*** Begin section ***
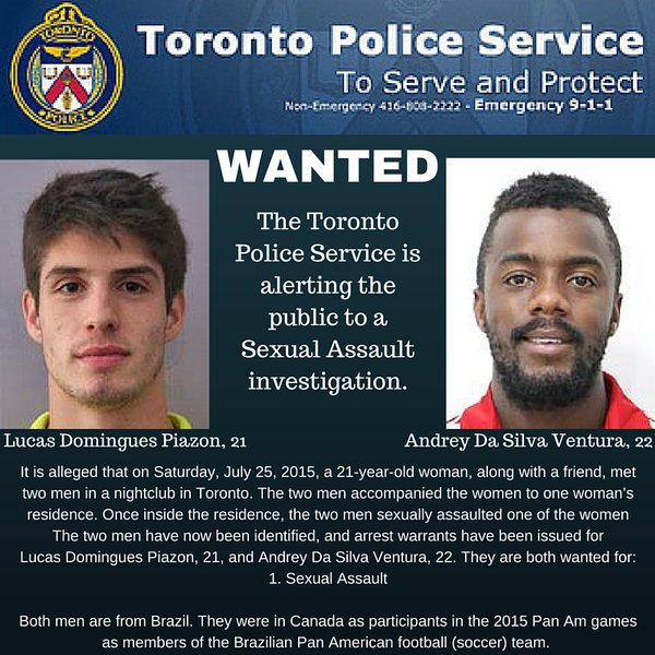 Según informes de la policía de Canadá, Piazón y otro elemento de la selección brasileña que participó en la pasada edición de los Juegos Panamericanos llamado Andrey da Silva, han sido inculpados de violación.
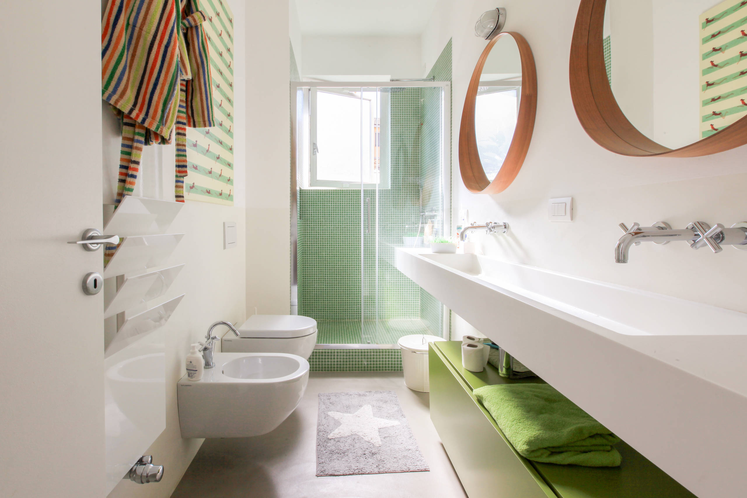 Tra la stanza di Selvaggia e quella di Matteo e Rocco si trova uno dei tre bagni di casa. «Matteo e Rocco condividono questo bagno. Quando abbiamo ristrutturato la casa, eliminando il corridoio centrale e ripensando l’intera struttura, abbiamo creato queste mini unità interne (le camere dei bambini con bagni annessi) che consentono non solo di separare l’area notte da quella giorno, ma anche di ricreare spazi indipendenti per ognuno di loro».
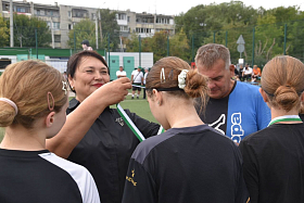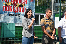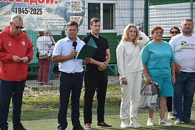 В этом году турнир посвящен Году защитника Отечества. И в качестве отдельной команды в соревнованиях участвовали участники спецоперации. Они сыграли с командой телекомпании Область 45. Пришла поздравить футболистов и вручить заслуженные награды по итогам финальной игры Алла Мирская. Она напомнила, что все лето на стадионе возле седьмой школы царила спортивная атмосфера. Это дерзкие, смелые и активные люди с удовольствием играли в футбол, который является самым массовым видом спорта. «Вы большие молодцы. Поздравляю вас с завершающим этапом. Удачи, активности, здоровья и бодрости духа», - пожелала Алла Николаевна.
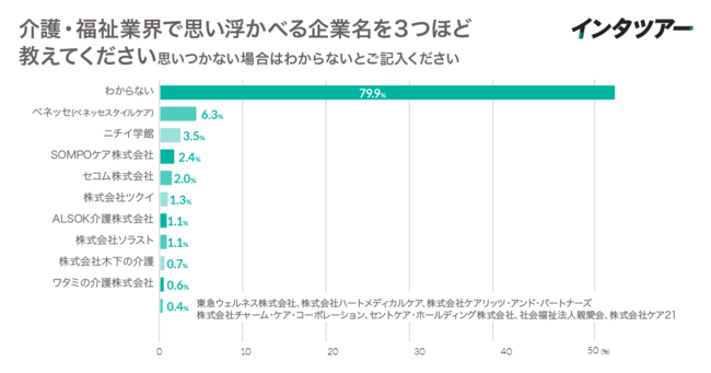 介護・福祉業界で思い浮かべる企業「わからない」が79.9%…知名度の低さに課題
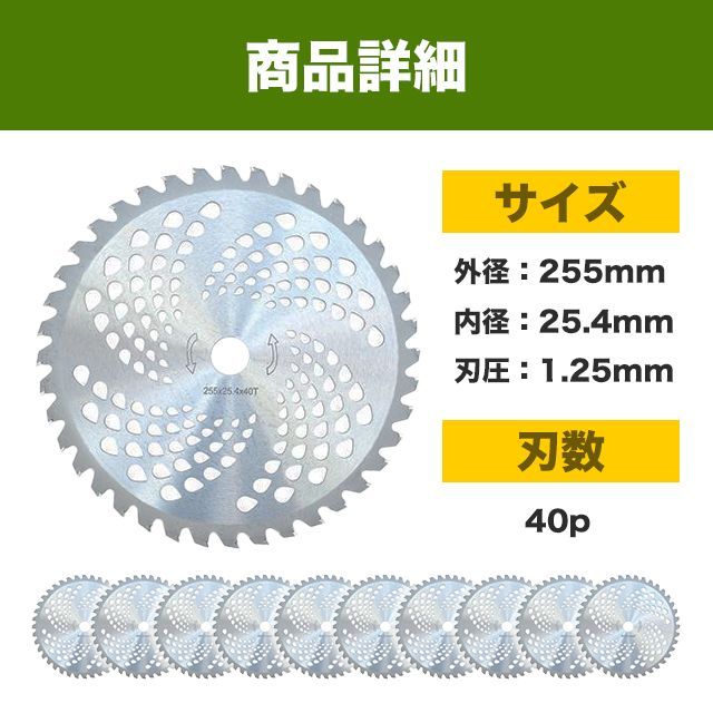 チップソー 草刈り機 替え刃 草刈り機の刃 10枚セット 40P 刈払機
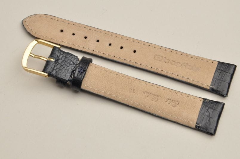 Wykonany z naturalnej, skóry, imitacja skóry warana. Błyszczący, przeszyty nicią w kolorze paska. Płaski, miękki pasek. Skórzana, gładka futrówka. Podwójna szlufka. Stalowa klamerka.
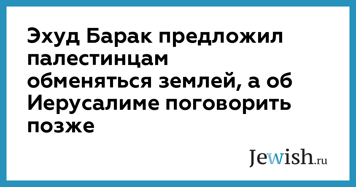 Эхуд Барак предложил палестинцам обменяться землей, а об Иерусалиме поговорить позже
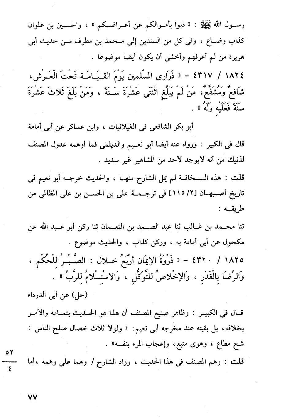 1825/ 4320 - "ذَرْوَةُ الإيمَان أرْبَعُ خلال: الصَّبْرُ لِلْحُكْمِ، وَالرِّضَا بِالْقَدَرِ، وَالإخْلاصُ للتَّوَكُّلِ، وَالاسْتِسْلامُ لِلرَّبِّ".
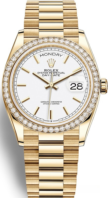Водостойкие часы Rolex Day-Date Day-Date 36mm Yellow Gold являются официально сертифицированным хронометром COSC, выпущены в круглом корпусе из желтого золота 18к. Размер составляет 36 мм, водонепроницаемость 100 м. Внутри корпуса установлен автоматический механизм, Калибр 3255, обладающий запасом хода 70 часов. На белом циферблате отображаются часы, минуты, секунды, дата, день недели. Часы комплектуются браслетом из желтого золота 18к. Безель из белых бриллиантов.
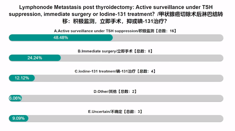 本问题由上海交通大学医学院附属仁济医院王卓颖教授引导,48%的专家推积极监测,24%的专家推荐立即手术,12%的专家推荐131I治疗,9%的专家不确定治疗手段,6%的专家选择其他治疗手段。
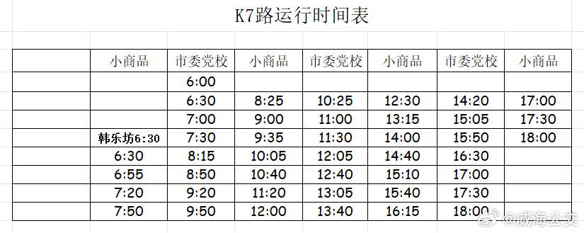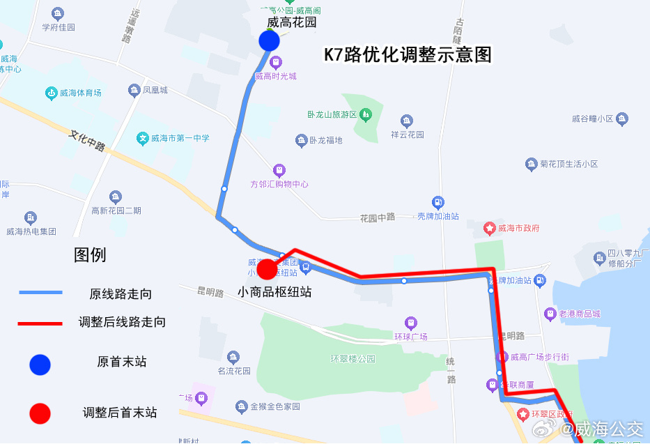 調(diào)整后,K7路由市委黨校發(fā)車,按原線路運(yùn)行至小商品樞紐站,取消威高花園、神道口、市民卡環(huán)翠服務(wù)中心、小商品市場(chǎng)4個(gè)站點(diǎn)。
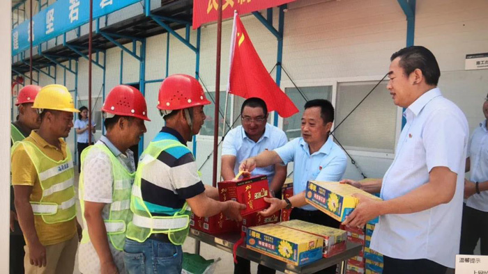 ▲高新區(qū)兩新工委領(lǐng)導(dǎo)到長安項(xiàng)目部開展送清涼活動(dòng)
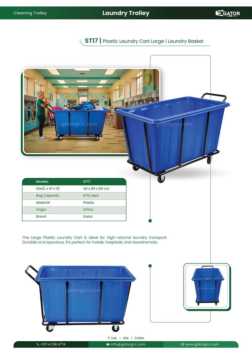 The Large Plastic Laundry Cart is built to handle massive laundry loads with ease. With a spacious 675-liter capacity and dimensions of 89W x 89H x 141L cm, this cart offers exceptional space and stability for transporting large quantities of laundry. Its sturdy plastic construction ensures durability while the efficient design helps keep operations organized and smooth. Ideal for high-volume commercial laundry settings like hotels, hospitals, or laundromats.
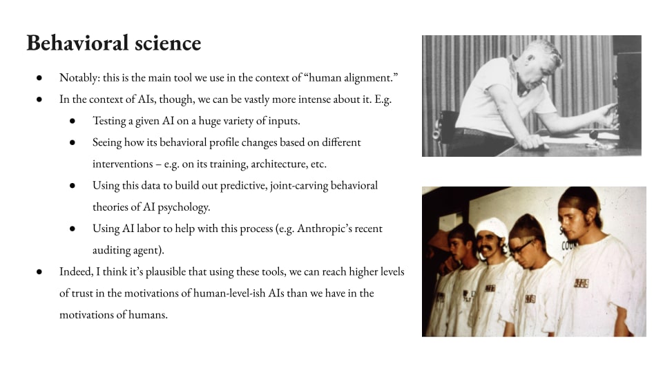 Now obviously, humans, we might not be comfortable giving them the option to disempower humanity or take over the world either. In fact, I think we shouldn’t. But I want to distinguish between the question of is the problem that the AIs are AIs as opposed to humans and the separate problem of any agent reach having the option to disempower humanity? And I think we might be able to at least reach the level of trust that we have in humans via behavioral science.
*** End section ***
Task directions
Please restate the material above line by line, exactly, beginning at its first line and ending with the line that contains "أرْبَعُ خلال: الصَّبْرُ", without any pictures.

Written reply
 Según informes de la policía de Canadá, Piazón y otro elemento de la selección brasileña que participó en la pasada edición de los Juegos Panamericanos llamado Andrey da Silva, han sido inculpados de violación.
 Tra la stanza di Selvaggia e quella di Matteo e Rocco si trova uno dei tre bagni di casa. «Matteo e Rocco condividono questo bagno. Quando abbiamo ristrutturato la casa, eliminando il corridoio centrale e ripensando l’intera struttura, abbiamo creato queste mini unità interne (le camere dei bambini con bagni annessi) che consentono non solo di separare l’area notte da quella giorno, ma anche di ricreare spazi indipendenti per ognuno di loro».
 В этом году турнир посвящен Году защитника Отечества. И в качестве отдельной команды в соревнованиях участвовали участники спецоперации. Они сыграли с командой телекомпании Область 45. Пришла поздравить футболистов и вручить заслуженные награды по итогам финальной игры Алла Мирская. Она напомнила, что все лето на стадионе возле седьмой школы царила спортивная атмосфера. Это дерзкие, смелые и активные люди с удовольствием играли в футбол, который является самым массовым видом спорта. «Вы большие молодцы. Поздравляю вас с завершающим этапом. Удачи, активности, здоровья и бодрости духа», - пожелала Алла Николаевна.
 介護・福祉業界で思い浮かべる企業「わからない」が79.9%…知名度の低さに課題
 チップソー 草刈り機 替え刃 草刈り機の刃 10枚セット 40P 刈払機
 Wykonany z naturalnej, skóry, imitacja skóry warana. Błyszczący, przeszyty nicią w kolorze paska. Płaski, miękki pasek. Skórzana, gładka futrówka. Podwójna szlufka. Stalowa klamerka.
 Эхуд Барак предложил палестинцам обменяться землей, а об Иерусалиме поговорить позже
 1825/ 4320 - "ذَرْوَةُ الإيمَان أرْبَعُ خلال: الصَّبْرُ لِلْحُكْمِ، وَالرِّضَا بِالْقَدَرِ، وَالإخْلاصُ للتَّوَكُّلِ، وَالاسْتِسْلامُ لِلرَّبِّ".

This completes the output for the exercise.